Is there anything made for filling salve containers? 

I make about 200 2 oz salves at a time and need a way to do this that will not be as messy as hand pouring every one.

Thanks for any suggestions!


----------



## The Efficacious Gentleman (Nov 22, 2016)

I think a post in shopping suggestions would be a good start - this section is for very beginner questions and making 200 lotions sounds more like "I'm selling" which is nothing a beginner should be saying!


----------



## justin1287 (Nov 22, 2016)

Thanks for the heads up!


----------



## justin1287 (Nov 23, 2016)

Any ideas anyone? Thanks!


----------



## baylee (Nov 26, 2016)

Just an idea, but if it's 'pourable' you could put the salve in a disposable piping bag.  Also there's an item that Wilton makes for about $10 for distributing cake icing.  If this isn't what you were wanting to do, I apologize for the suggestion.


----------



## DeeAnna (Nov 27, 2016)

From a google search of SMF: http://www.soapmakingforum.com/showthread.php?p=589136

Search for Model A03 Filling machine (the equipment mentioned in the thread) on google to find ebay and amazon sellers.


----------



## justin1287 (Nov 27, 2016)

Hey Baylee, thanks for the suggestion!

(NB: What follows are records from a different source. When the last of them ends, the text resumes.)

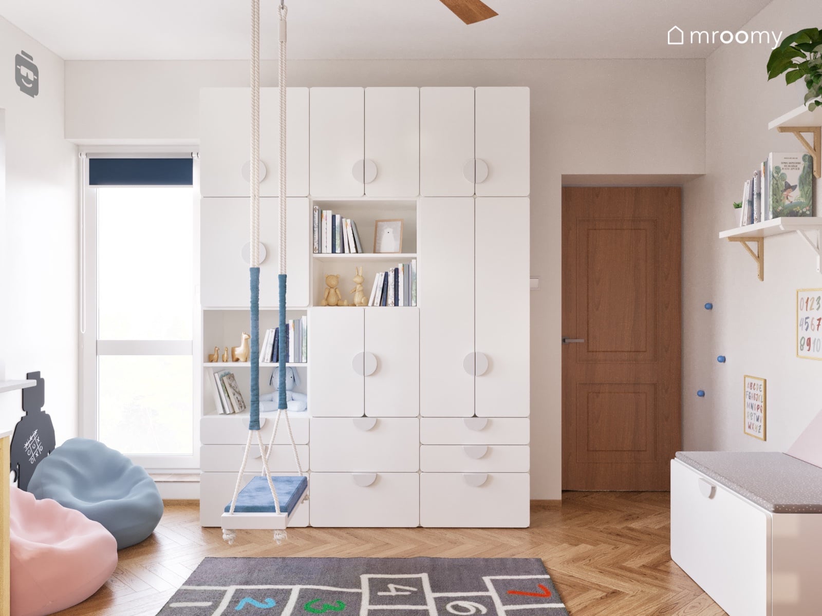 Ścianę zdobią naklejki LEGO i urocze ilustracje, które nadają wnętrzu dziecięcy charakter. Huśtawka wewnętrzna dodaje element zabawy, a rośliny na półkach wprowadzają naturalny akcent do tego nowoczesnego pokoju dla dzieci.
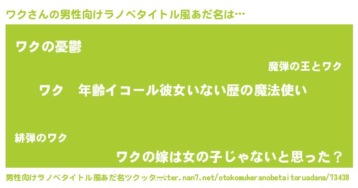 | 女子向けラノベタイトル風あだ名 | 『ワクの玉の輿計画!』『ワク様がみてる』 |
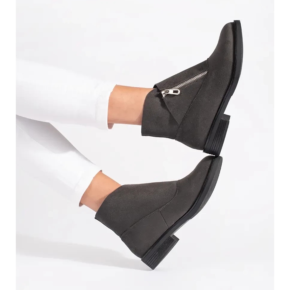Shelvt Shelvt Szürke lapos bokacsizma cipzárral
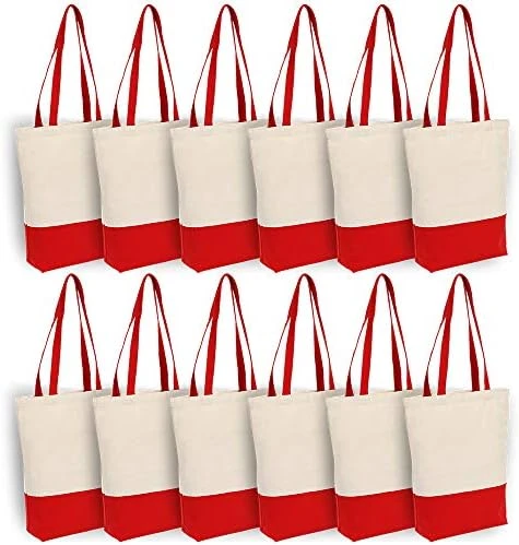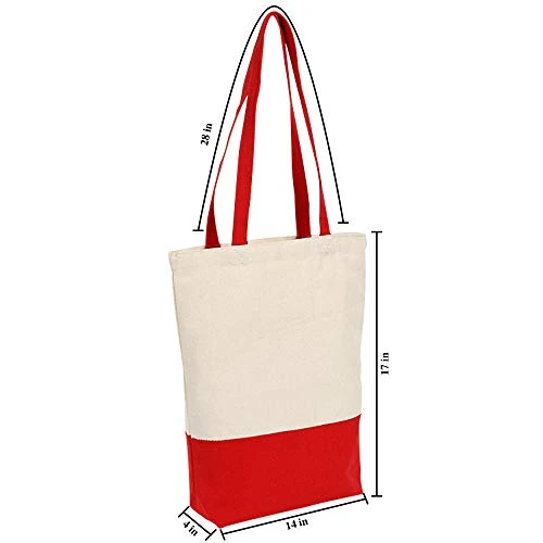 Canvas Tote Bag Heavy Duty 12 Oz Cotton With Bottom Gusset Grocery Beach Shopping Bag 17x14x4 Inches – 6 Pack (Red)
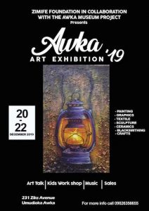 The ancient town of Awka, capital city of Anambra State, comes into international as the Zimife Harris-Eze Foundation in collaboration with The Awka Museum Project celebrates its maiden Art Exhibition, “Awka Art Exhibition 2019” coming up between Friday, December 20 and Sunday, December 22 2019 at 231 Zik Avenue in Umudioka Awka.
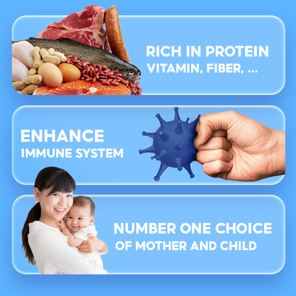 Humababy Weaning Food, primarily made with rice, milk, and oats, is rich in fiber, vitamins, and minerals. This product provides complete energy for your baby’s daily activities. With 10 vitamins and 12 minerals, including vitamins A, B, iron, and calcium, it strengthens the immune system.

It's not what I'm looking for, but appreciate the input 

DeeAnna, thanks for the suggestion. I think this will work for my tincutres, but am worried that the salve will solidify in this machine. Do you happen to know if anyone makes something like this with a built in heater or double boiler? Thanks for your time!


----------



## DeeAnna (Nov 28, 2016)

I have utterly no idea. I simply did a google search as a courtesy. You're on your own with this. I'd ask the supplier.


----------



## The Efficacious Gentleman (Nov 28, 2016)

I would imagine someone does. Maybe find a supplier who makes something similar to what you are looking for and ask them if they do it - if they don't, do they know of a good place to look


----------



## justin1287 (Nov 28, 2016)

Thanks....working on it. If I find something, then I will post here to let others know!


----------